Boise State University, Department of Chemistry and Biochemistry

# Python Tools for Chemistry Applications

Before we start, let us import some of the main modules that we will need for this lecture. These modules have already been introduced in the previous lecture. However, in the following we will introduce some new modules, we will add more details about them in the right sections.

In [None]:
import numpy as np
import matplotlib.pyplot as plt
import pandas as pd

In [None]:
from google.colab import drive
drive.mount('/content/gdrive')

You should now specify the local path to the folder containing your data files. Remember to put a '/' at the end of the path and double check that the path looks right

In [None]:
base_path = '/content/gdrive/MyDrive/' # this is the default path of your google drive
my_path = 'Colab Notebooks/Test_Files/' # make sure you change this to the correct path of the folder with the files
path = base_path + my_path

## Write Chemical Formulas and Equations in Markdown

You can use a special extension of the formula editor used by Colab in Text cells to write chemical formulas in a nice way and to write chemical equations. You have to make sure that `$$\require{mhchem}$$` is included for Colab to produce the right imaga. More info on how to use it can be found at this [url](https://mhchem.github.io/MathJax-mhchem/).

$$\require{mhchem}$$
I really like $\ce{H2O}$, although $\ce{CH3CH2OH}$ is not bad either. 

Is this correct?

$$\ce{H2(g) + O2(g)->H2O(aq)}$$

## Display Molecular Structures

RDkit is a great module developed by Greg Landrum and collaborators to manage molecules and do some chemoinformatic and machine-learning tasks in the chemical space. It is not part of the standard installation of Python on Colab, so you will need to install rdkit on Colab before using it. Lukily, this process is pretty straightforward, although you may have to wait a bit.

In [None]:
!pip install rdkit
from rdkit import Chem

The main way we will be handling molecules is via SMILES (Simplified molecular-input line-entry system), which is a convention to write organic molecules as a string (some rules and examples can be found [here](https://www.daylight.com/dayhtml/doc/theory/theory.smiles.html))

In [None]:
smile = 'CCO'
molecule = Chem.MolFromSmiles(smile)
molecule

In [None]:
type(molecule)

The object generated by the command is `rdkit.Chem.rdchem.Mol`, an object of RDkit that allows many operations (you can get descriptors, you can modify parts, you can get information on the molecule, etc.). While on a notebook just typing the object will result in displaying its chemical structure, RDkit has a function dedicated to convert a molecule into an image (and it allows you to specify the size of the image)

In [None]:
smile = 'CC(O)'
Chem.Draw.MolToImage( Chem.MolFromSmiles(smile), size=(150, 150) )

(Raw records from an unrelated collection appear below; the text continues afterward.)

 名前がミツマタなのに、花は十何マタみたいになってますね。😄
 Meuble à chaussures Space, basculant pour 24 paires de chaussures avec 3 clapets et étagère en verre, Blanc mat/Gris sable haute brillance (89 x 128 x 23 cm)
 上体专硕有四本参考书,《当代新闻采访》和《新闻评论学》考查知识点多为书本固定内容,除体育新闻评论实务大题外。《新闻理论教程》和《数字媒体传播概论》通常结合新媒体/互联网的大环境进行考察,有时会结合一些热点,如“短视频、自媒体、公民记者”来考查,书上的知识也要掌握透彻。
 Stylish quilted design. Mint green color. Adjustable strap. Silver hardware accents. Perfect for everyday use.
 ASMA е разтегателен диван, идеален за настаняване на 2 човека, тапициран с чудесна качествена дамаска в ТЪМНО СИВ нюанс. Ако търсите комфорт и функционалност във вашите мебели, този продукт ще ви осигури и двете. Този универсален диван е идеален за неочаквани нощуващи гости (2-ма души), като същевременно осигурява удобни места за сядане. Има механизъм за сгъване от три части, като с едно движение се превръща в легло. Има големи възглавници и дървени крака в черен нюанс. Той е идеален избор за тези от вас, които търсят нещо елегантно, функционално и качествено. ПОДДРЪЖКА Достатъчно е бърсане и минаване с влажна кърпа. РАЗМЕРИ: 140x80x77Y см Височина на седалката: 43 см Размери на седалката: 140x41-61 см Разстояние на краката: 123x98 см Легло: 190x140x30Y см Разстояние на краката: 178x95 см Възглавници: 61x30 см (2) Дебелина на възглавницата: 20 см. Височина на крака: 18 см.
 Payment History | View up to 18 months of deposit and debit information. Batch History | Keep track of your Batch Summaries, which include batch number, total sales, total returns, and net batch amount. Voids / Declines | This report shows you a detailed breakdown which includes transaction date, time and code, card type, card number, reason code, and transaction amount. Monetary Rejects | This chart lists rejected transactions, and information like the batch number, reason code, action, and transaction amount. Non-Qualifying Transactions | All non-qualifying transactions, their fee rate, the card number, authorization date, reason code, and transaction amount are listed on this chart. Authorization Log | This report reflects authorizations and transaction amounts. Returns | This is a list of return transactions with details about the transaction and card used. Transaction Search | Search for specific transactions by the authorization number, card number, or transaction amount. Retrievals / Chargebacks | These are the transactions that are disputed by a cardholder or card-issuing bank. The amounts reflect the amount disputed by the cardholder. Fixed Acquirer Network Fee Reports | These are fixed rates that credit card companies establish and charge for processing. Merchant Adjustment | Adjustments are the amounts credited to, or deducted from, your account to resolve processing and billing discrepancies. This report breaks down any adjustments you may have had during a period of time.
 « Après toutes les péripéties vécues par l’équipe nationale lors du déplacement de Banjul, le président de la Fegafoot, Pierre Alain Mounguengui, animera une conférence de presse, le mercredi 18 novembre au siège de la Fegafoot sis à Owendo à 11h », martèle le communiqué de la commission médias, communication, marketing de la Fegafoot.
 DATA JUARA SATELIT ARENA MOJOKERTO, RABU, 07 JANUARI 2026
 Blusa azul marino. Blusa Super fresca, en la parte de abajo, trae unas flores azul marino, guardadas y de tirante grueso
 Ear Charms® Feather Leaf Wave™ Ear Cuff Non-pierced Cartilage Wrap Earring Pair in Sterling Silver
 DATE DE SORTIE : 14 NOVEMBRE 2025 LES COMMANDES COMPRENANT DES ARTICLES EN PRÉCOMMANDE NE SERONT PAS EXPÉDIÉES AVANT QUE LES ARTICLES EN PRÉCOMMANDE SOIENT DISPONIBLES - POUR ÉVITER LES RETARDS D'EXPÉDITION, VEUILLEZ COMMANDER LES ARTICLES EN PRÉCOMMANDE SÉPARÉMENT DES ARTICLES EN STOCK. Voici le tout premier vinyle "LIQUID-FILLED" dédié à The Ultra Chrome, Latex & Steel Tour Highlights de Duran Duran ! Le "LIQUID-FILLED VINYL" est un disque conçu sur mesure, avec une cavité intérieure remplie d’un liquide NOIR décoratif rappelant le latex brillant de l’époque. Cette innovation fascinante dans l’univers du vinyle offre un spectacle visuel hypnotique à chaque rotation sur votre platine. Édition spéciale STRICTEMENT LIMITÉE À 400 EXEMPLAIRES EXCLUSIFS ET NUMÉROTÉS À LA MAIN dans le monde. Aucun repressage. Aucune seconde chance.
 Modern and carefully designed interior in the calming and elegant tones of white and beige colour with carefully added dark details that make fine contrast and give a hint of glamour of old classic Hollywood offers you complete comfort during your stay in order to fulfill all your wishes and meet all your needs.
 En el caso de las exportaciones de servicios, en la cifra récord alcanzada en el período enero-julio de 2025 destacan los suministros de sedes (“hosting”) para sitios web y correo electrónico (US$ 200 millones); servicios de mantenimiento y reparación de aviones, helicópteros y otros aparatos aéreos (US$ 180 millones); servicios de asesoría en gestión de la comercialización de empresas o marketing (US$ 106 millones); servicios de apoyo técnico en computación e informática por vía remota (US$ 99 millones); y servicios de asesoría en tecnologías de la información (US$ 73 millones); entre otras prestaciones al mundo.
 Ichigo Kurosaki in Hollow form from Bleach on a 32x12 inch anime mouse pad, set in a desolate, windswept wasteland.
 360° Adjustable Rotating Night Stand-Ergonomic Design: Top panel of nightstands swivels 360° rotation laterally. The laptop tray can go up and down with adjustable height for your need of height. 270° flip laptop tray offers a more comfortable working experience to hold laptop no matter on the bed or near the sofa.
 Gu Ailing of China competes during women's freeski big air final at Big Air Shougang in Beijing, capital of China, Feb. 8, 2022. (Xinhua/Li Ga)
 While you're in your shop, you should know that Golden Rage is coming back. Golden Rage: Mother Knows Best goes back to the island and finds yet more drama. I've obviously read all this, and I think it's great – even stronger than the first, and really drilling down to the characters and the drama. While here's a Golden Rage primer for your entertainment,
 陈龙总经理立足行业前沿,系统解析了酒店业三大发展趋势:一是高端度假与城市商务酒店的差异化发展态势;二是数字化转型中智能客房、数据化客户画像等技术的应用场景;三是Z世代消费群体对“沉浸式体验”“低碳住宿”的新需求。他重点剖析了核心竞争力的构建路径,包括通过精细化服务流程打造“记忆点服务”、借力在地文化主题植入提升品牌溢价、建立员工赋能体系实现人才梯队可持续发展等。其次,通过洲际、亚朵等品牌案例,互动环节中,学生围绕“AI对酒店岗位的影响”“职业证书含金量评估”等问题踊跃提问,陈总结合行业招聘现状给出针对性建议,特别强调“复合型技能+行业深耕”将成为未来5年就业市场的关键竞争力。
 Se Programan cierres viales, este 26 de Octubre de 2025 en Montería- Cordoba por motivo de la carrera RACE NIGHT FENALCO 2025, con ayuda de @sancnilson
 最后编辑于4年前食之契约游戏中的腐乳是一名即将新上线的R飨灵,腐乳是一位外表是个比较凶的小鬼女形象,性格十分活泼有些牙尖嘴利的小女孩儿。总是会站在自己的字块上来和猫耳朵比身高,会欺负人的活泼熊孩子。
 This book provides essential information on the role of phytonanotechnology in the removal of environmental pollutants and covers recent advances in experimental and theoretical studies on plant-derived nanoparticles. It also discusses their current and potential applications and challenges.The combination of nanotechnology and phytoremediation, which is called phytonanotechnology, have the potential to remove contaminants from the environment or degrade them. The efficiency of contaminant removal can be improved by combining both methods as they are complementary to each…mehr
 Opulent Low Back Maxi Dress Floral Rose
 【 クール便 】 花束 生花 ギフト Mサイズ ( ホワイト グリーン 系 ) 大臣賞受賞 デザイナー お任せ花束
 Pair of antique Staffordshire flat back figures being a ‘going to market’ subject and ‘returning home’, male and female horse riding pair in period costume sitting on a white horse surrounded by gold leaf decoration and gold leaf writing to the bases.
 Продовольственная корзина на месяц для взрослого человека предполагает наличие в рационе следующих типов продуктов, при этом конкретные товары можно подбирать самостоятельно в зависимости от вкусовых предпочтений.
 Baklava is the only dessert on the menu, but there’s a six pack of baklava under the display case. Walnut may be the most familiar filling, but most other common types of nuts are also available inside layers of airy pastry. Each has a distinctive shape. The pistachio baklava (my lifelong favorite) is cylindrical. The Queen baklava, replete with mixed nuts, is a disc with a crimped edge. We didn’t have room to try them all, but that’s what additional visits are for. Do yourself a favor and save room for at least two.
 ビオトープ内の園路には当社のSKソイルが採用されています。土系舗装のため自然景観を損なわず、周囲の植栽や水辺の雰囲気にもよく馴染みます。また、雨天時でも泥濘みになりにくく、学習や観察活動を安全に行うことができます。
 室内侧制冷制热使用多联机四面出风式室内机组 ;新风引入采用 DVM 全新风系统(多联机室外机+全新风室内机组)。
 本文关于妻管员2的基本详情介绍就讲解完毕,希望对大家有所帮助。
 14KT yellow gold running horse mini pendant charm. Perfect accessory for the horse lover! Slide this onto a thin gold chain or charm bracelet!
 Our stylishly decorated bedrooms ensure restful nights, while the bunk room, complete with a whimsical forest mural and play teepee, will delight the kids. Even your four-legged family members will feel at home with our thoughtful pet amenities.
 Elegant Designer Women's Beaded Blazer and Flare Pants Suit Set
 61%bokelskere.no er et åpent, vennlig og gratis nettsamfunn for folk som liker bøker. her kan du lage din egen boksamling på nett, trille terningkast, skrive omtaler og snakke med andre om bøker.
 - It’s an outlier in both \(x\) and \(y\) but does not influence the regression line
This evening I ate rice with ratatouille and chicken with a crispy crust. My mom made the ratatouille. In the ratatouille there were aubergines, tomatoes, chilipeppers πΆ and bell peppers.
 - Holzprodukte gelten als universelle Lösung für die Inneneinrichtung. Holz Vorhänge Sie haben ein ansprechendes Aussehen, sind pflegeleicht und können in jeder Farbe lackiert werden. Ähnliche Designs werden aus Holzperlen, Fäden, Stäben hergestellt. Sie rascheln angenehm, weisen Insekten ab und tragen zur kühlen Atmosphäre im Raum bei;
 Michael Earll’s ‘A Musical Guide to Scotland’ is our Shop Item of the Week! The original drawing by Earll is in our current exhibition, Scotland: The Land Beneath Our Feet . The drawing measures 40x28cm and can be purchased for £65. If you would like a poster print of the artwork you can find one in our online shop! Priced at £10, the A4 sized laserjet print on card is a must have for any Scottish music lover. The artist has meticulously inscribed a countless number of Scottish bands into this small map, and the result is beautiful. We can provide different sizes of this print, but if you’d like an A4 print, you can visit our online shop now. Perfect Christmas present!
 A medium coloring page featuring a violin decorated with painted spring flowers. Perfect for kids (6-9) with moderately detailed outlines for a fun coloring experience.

These images can be embedded into a plot, if you would like to visualize which molecule was measured in your experiments.

In [None]:
file='bomb.csv'
data=pd.read_csv(path+file,names=['HH:MM:SS','Temperature','Time'])
plt.plot(data['Time'],data['Temperature'],label='Run 1')
plt.xlabel('Time (s)')
plt.ylabel('Temperature ($^\circ$C)')
plt.legend()
#
ax = plt.axes([0.5, 0.2, 0.38, 0.38])
smile='O=C(O)c1ccccc1'
im=Chem.Draw.MolToImage( Chem.MolFromSmiles(smile), size=(150, 150) )
ax.imshow(im)
ax.axis('off')
#
plt.show()

With a similar function, we can convert multiple SMILES into a chemical reaction

In [None]:
Chem.rdChemReactions.ReactionFromSmarts('C=CCBr.[Na+].[I-]>CC(=O)C>C=CCI.[Na+].[Br-]', useSmiles=True)

More information on the syntax of RDkit functions can be found on its online documentation, [here](https://rdkit.org/docs/index.html).

## Connect Names-CAS-SMILES with CIRpy

CIRpy stands for Chemical Identifier Resolver and is a Python module developed by the CADD Group at the NCI/NIH. CIR is a web service that will resolve any chemical identifier to another chemical representation. More documentation can be found [here](https://cirpy.readthedocs.io/en/latest/index.html). Also in this case, we will need to install the module on Colab before using it.

In [None]:
!pip install cirpy
import cirpy

One of the main utilities of CIRpy, is the `resolve()` function. This function can take in input any way to refer to a molecule (its official name, common name, CAS number, SMILES, etc.) and it can convert it into any other info we need on that molecule. In the following I report some examples.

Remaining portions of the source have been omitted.